In July, a congressional hearing will be held to determine whether or not President Donald Trump is mentally fit to be leader of the free world, and the result could well determine whether or not impeachment hearings begin to remove Trump from office.
The Hill reports:
“House Budget Committee Chairman John Yarmuth (D-KY) said he and Rep. Jamie Raskin (D-MD.) will host Dr. Bandy Lee, a Yale School of Medicine psychiatrist who edited the best-selling book ‘The Dangerous Case of Donald Trump: Psychiatrists and Mental Health Experts Assess a President.’
“’We are planning to do something where she can make a presentation to other members, so that they’ll be aware of what she’s been working on,’ Yarmuth told The Hill in a brief interview.”
Such a hearing is controversial because none of the doctors who will testify have actually treated Trump, and the American Psychiatric Association (APA) prohibits members from speculating about the mental state of public figures.
Despite that, Yarmuth noted that the safety of the American people is paramount, and that alone is reason enough to solicit testimony from experts in the field:
“Even though none of them had actually treated Trump, they in their practices, and their experience, they recognize certain patterns of behavior, and when it’s their professional responsibility to alert people who may be endangered by someone’s behavior. And in this case it’s the American people.”
Trump has certainly done and said things that have made many question his mental fitness for office. Consider these points made by Justin A. Frank, M.D., a clinical professor of psychiatry at George Washington University Medical Center and author of Trump on the Couch: Inside the Mind of the President:
- A worrisome escalation of Trump’s cognitive limitations was heard in his inability to follow the thread of a conversation, as when he jumped from getting a card for Melania’s birthday to talking about Macron’s wife to talking about Iran — all in a span of three sentences.

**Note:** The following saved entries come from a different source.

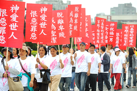 Worried about the impact of a gay rights parade on Oct. 31, hundreds of Christian anti-gay activists took to the streets of Taipei yesterday.
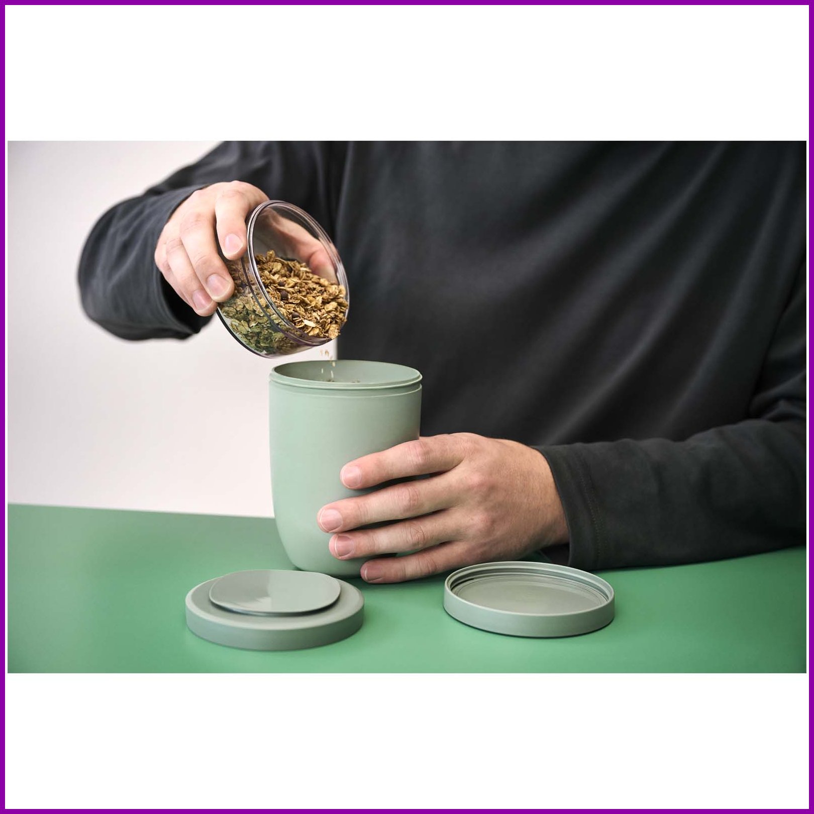 Eristetty lounasrasia, jossa on kaksi erillistä lokeroa ainesten siististi erillään pitämiseen. Jokaisessa rasiassa on kansi sekoittumisen estämiseksi, joten se sopii erinomaisesti aterioille, joissa on täytteitä, lisukkeita tai kastikkeita. Pitää ruoan kuumana 6–8 tuntia tai kylmänä jopa 12 tuntia. Yläosan läpinäkyvän säiliön tilavuus on 300 ml ja alemman säiliön 750 ml. Kestävistä materiaaleista valmistettu ulkopinta pysyy viileänä ja kuivana koskettaa. Käsinpesua suositellaan. Muovikannen osat ovat konepesun kestäviä. BPA-vapaa.Värit ja Koot
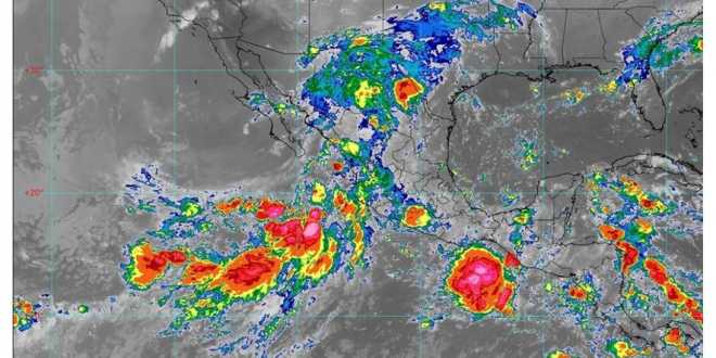 El Servicio Meteorológico Nacional vigila dos zonas de baja presión localizadas en el océano Pacífico; la primera, con 90 por ciento (%) de probabilidad para evolucionar a ciclón tropical en el pronóstico a 48 horas, se localizó aproximadamente a 470 kilómetros (km) al suroeste de Cabo Corrientes, Jalisco, y se desplaza hacia el noroeste a 16 km/h.
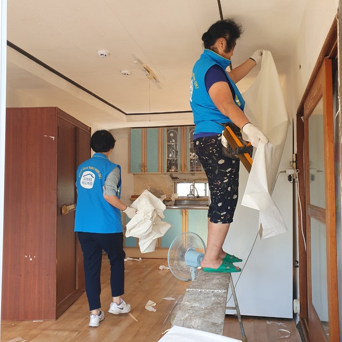 전남 보성군 조성면 우리동네 복지기동대가 최근 주거환경이 취약한 홀몸노인 가정을 찾아가 소규모 주거환경 개선사업을 펼쳤다. 이날 대원들은 무더운 날씨 속에서도 지붕 누수로 집안 내부 도배장판이 곰팡이가 피어 위생상 문제가 있던 대상자의 낡고 오염된 집안의 벽지와 장판을 교체했다. 사진은 대원들이 벽지를 교체하고 있는 모습. (사진제공=보성군청)

He said things that just don’t make sense, like there is “a horrible group of deep-seated people” out to get him.
- The paranoid portrayal of himself as victim continued in a similar manner. “It’s a witch hunt,” Trump said, “and they know that. … I would give myself an A-plus. Nobody has done what I’ve been able to do and I did it despite the fact that I have a phony cloud over my head that doesn’t exist.”
- Also on display was the now-familiar disconnect between Trump’s language, meaning, and the truth, most conspicuously when he contradicted himself while railing against his perceived enemies on “fake news” networks: “I don’t watch them at all. I watched last night.”
While the hearing next month may not change any minds on Capitol Hill, it needs to be held, if only because it’s sure to infuriate the notoriously thin-skinned Trump.